11.3 Carrier and Downstream Network Scenarios

Scenario SMS assessment Normalized event Notes
Carrier accepted undef.carrier_accepted_only notification.endpoint.accepted Stronger than provider-only, still not handset proof
Buffered undef.buffered notification.endpoint.deferred Held for later delivery
Deferred undef.deferred notification.endpoint.deferred Retry or wait
Delivered success.delivered notification.endpoint.accepted with delivery metadata Strong endpoint evidence, not human awareness
Undelivered fail.delivery_failed notification.endpoint.rejected_permanent or temporary Use reason code
Failed fail.delivery_failed notification.endpoint.rejected_permanent Strong negative evidence if final
Rejected fail.carrier_rejected notification.endpoint.rejected_permanent Carrier refused delivery
Expired fail.expired or undef.expired_unknown notification.endpoint.unknown or rejected temporary/permanent Depends on provider semantics
Unknown undef.dlr_unknown notification.endpoint.unknown No useful final status
No DLR received undef.no_dlr none or timeout event Common on some routes
Delivery receipt late update current assessment corresponding event Must be accepted if relevant
Conflicting delivery reports undef.conflicting_evidence multiple events Preserve all evidence

11.4 Device and Recipient Availability Scenarios

Scenario SMS assessment Notes
Handset off or unreachable undef.deferred or fail.unreachable_subscriber Depending on final DLR
Subscriber unavailable undef.deferred or fail.unavailable_subscriber Carrier-specific
Unknown subscriber fail.unknown_subscriber Remove or verify number
Roaming issue undef.deferred or fail.route_unavailable Route/country dependent
Blocked by recipient fail.blocked_by_recipient If provider/carrier reports it
Carrier filtering fail.filtered_by_carrier Often content/campaign/sender issue
Device received but user ignored undef.delivered_but_awareness_unproven Delivery does not prove reading
SIM swap/number reassigned undef.identity_uncertain if suspected Requires external identity/number intelligence
Shared phone undef.identity_uncertain Intended participant uncertain
Corporate device management undef.delivered_but_awareness_unproven User awareness uncertain

SMS itself does not provide open tracking. Link interaction must be observed through tracked links or action surfaces.
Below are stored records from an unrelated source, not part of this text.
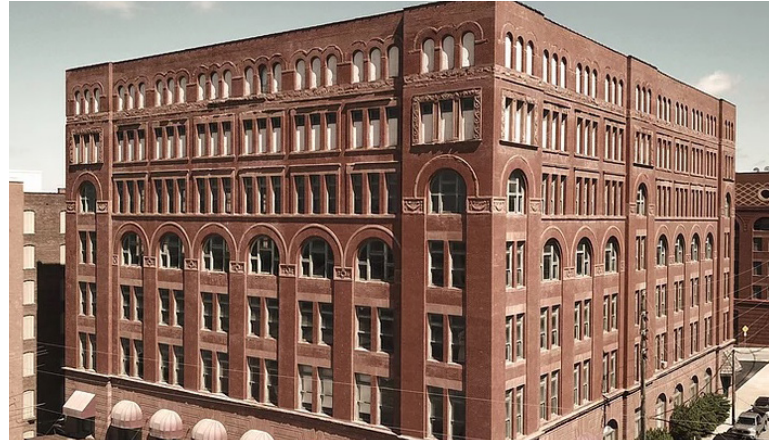
American Electric Lofts
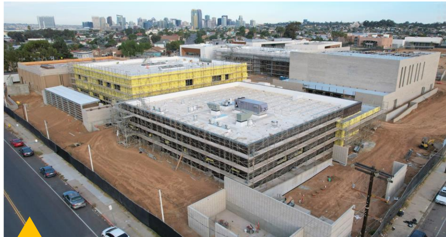
Logan Memorial Educational Campus
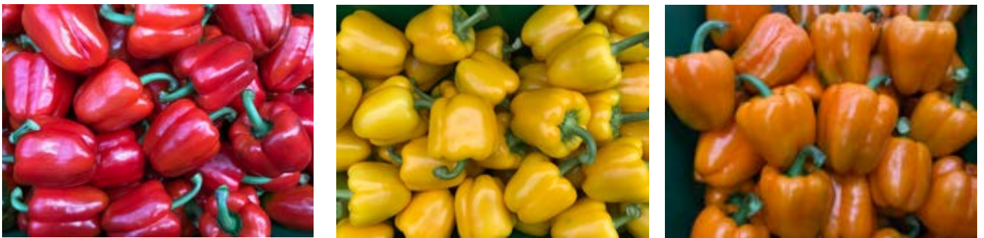
Source: Allegro Acres, Ontario, peppers that grew under Sollum's LED grow light solution.

Dynamic lighting allows growers to create distinct lighting zones to apply optimum lighting conditions for each crop or variety. Specific lighting zones can be positioned over yellow and orange pepper varieties to prevent bronzing. Similarly, the greenhouse lighting can address red-leafed and green-leafed lettuce varieties and/or according to the optimal DLI. The best part is that these lighting strategies are not set in stone at the start of the season and are changeable via Sollum's SUN as a Service® (SUNaaS) cloud platform. Sollum's cloud-based system provides a simple drag-and-drop user interface and access to light recipes to facilitate zone management.
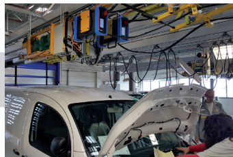
Quality control point
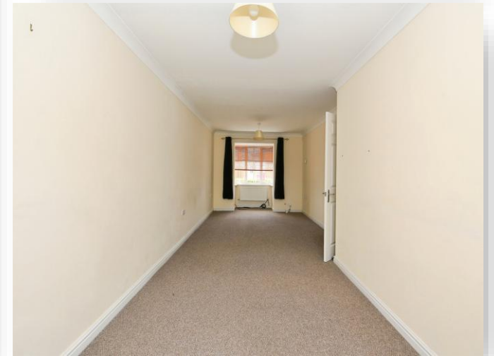
Aston Close, Yaxley Peterborough PE7 3BF
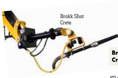
Brokk Shot Crete

*Requires load holding valves with hose burst function Requires two extra hydraulic functions
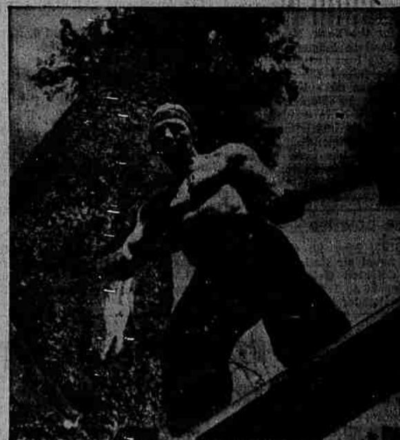
HUSKY 'FALLER' —Ollie Brackoos, Canadian lumberjack, weighs only 150 pounds but swings an axe with mighty muscles gained through 11 years' experience as a "faller"—the man who chops through trees at the base.
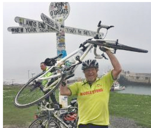
Celebrating our arrival at John o' Groats

I have had hobbies over the years, including Course Fishing, Golf, Crown Green Bowling, and I've recently taken up cycling again; in 2018 me and two friends cycled 1,022 miles from Lands' End to John o' Groats, in 14 days, raising money for children's cancer, and thanks to the organ world, friends and families, we raised just short of £5,000.
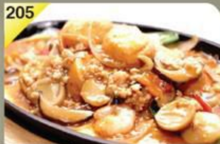
205 铁板豆腐 Hot Plate Tofu $12.00
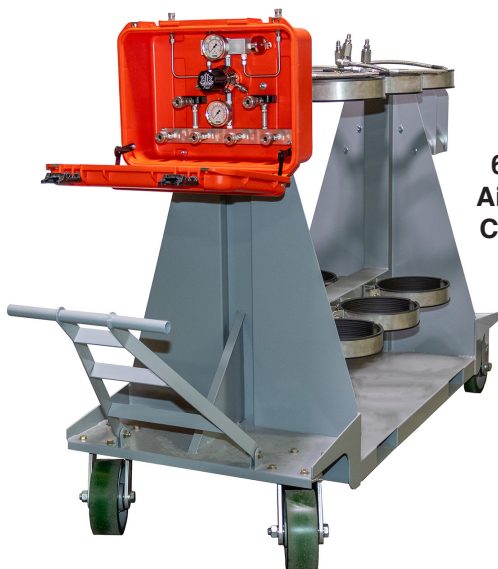
6 Cylinder Air Cart with Control Box

Call Customer Service for Additional Details
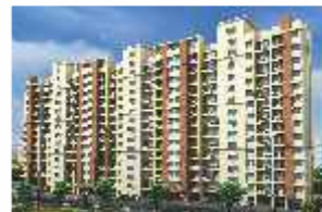
Dreams Avani, Manjri C Wing MahaRERA Reg. No. P52100000157
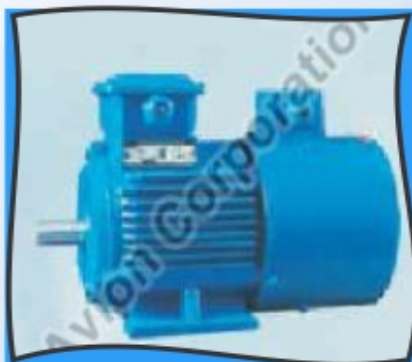
Crane Duty Motor
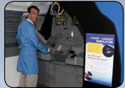
Bill’s Climate Lab at the Chabot Space and Science Center Oakland, CA

Nye’s first book for a general audience, “Undeniable – Evolution and the Science of Creation,” was featured on the New York Times’ Bestsellers List. Nye’s most recent book, “Unstoppable-- Harnessing Science to Change the World,” takes on the subjects of energy and climate change. He met with President Obama in 2015 and has appeared on Larry King Live to speak out about the effects of global warming.
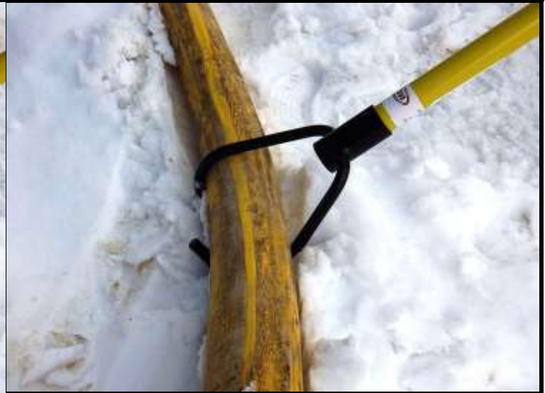
Cable Handling Hookstick with Double Reversing Hook

Mine Cable Services Cable Handling Hooksticks are designed for use in the mining industry as a method of handling energized electrical cable supplying draglines, shovels, drills, and other minesite equipment. A lightweight design offered with a variety of hook styles, fiberglass insulated shaft at varying lengths, and handle options allows you to create the Hookstick model that is most preferable for your application. Cable Handling Hooksticks are tested to 60kV DC and are suitable for use with cables ranging from 600V to 25kV.
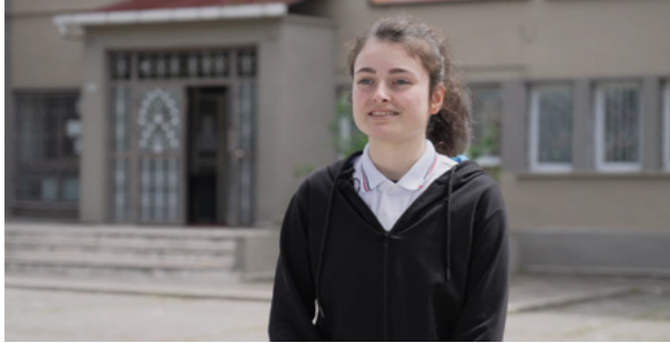
We Are in School, Too!

Scenario SMS assessment Normalized event Notes
No link click undef.no_signal none Not evidence of failure
Link clicked success.link_clicked or undef.link_clicked_identity_uncertain interaction.unverified_actor_interaction Identity uncertain
Link clicked then authenticated portal login SMS event remains weak; portal event is strong Portal adapter provides identity evidence
Link clicked then payload downloaded SMS contributed path evidence; delivery evidence is decisive Portal/delivery adapter closes result
Link scanner or preview fetch undef.link_clicked_identity_uncertain or scanner-like if detected interaction.scanner_or_bot_interaction Less common than email but possible
Expired link clicked undef.link_clicked_identity_uncertain interaction plus access failure Awareness possible, action path failed
Forwarded SMS link clicked undef.identity_uncertain unverified interaction Intended actor unknown

11.6 Inbound Reply Scenarios

SMS can be a useful lightweight response channel.

Scenario SMS assessment Normalized event Notes
Any reply received success.reply_received interaction.reply_received Strong awareness signal, identity may still need validation
YES/OK/ACK reply success.acknowledgement_reply_received interaction.acknowledgement_recorded if policy accepts Can be result evidence in low/medium assurance cases
STOP / unsubscribe fail.opted_out notification.channel.unsubscribe_received + suppression Future channel constraint
START / opt-in active/unknown notification.channel.suppression_removed or opt-in metadata Channel may become usable
HELP neutral interaction.reply_received Support/compliance event
Free-text question success.reply_received interaction.reply_received May trigger support workflow
Reply from reassigned/shared number undef.reply_identity_uncertain interaction.reply_received Identity risk
Reply from unsupported alphanumeric sender path no inbound possible capability limitation Must be declared by adapter

A reply is often stronger awareness evidence than a delivery receipt, but it still may not prove that the intended participant acted unless phone-number ownership and context are sufficient for the scenario.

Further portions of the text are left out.